Fig. 1 is a circuit diagram showing one embodiment of the present invention, Fig. 2 is an explanatory diagram of the same operation as above, Fig. 3 is a block circuit diagram of another embodiment, and Fig. 4 is a diagram showing the manufacturing process of a gas detection element. , FIGS. 5a and 5b are operation explanatory diagrams of still another embodiment, and FIGS. 6a and 6b are operation explanatory diagrams of still another embodiment. 1a and 1b are gas detection elements, 4a and 4b are comparison circuits, 9 is a gate circuit, and 10 is an alarm means.

Claims (1)

[Claims] 1. The resistance value of a gas detection element made of a metal oxide semiconductor whose resistance value changes when it comes into contact with a combustible gas in a heated state reaches a preset value, and the gas detection output increases. In a gas leak alarm system that activates the alarm means when a gas leak is detected, a main gas detection element and a sub-gas detection element with different gas detection characteristics are arranged in the same place, and combustible gas such as methane or butane is detected. A gas detection output is obtained from the first comparison circuit which inputs the voltage based on the resistance change of the main gas detection element that is sensitive to flammable gases, and the gas detection output is A gas leak alarm characterized in that a gate circuit is provided that operates an alarm means only when a gas detection output is not obtained from a second comparator circuit that inputs a voltage based on a resistance change of a sensitive sub-gas detection element.
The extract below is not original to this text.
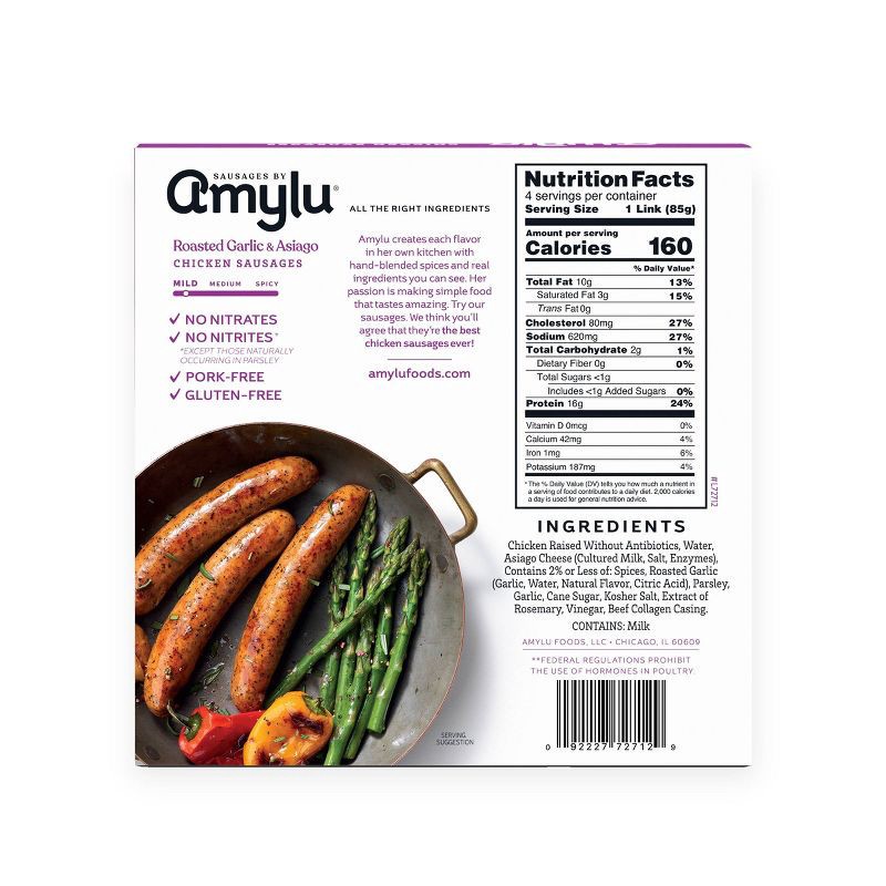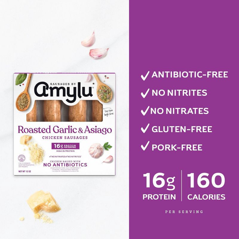 Amylu Foods Roasted Garlic & Asiago Chicken Sausage - 12oz

Device. 2. A main gas detection element and a sub gas detection element having different gas detection characteristics are constructed by setting the element heating temperatures of two gas detection elements made of the same metal oxide semiconductor to different values. A gas leak alarm device according to claim 1. 3. The gas leak alarm device according to claim 1, wherein the auxiliary gas detection element is formed of a metal oxide semiconductor in which 20% by weight or less of palladium oxide is added to copper oxide. 4 Sub-gas detection element made of indium oxide
Claim 1, characterized in that the main gas detection element is made of indium oxide heated to 200°C to 250°C and added with 10 to 0.01% by weight of palladium oxide, and heated to 350°C to 450°C. Gas leak alarm device.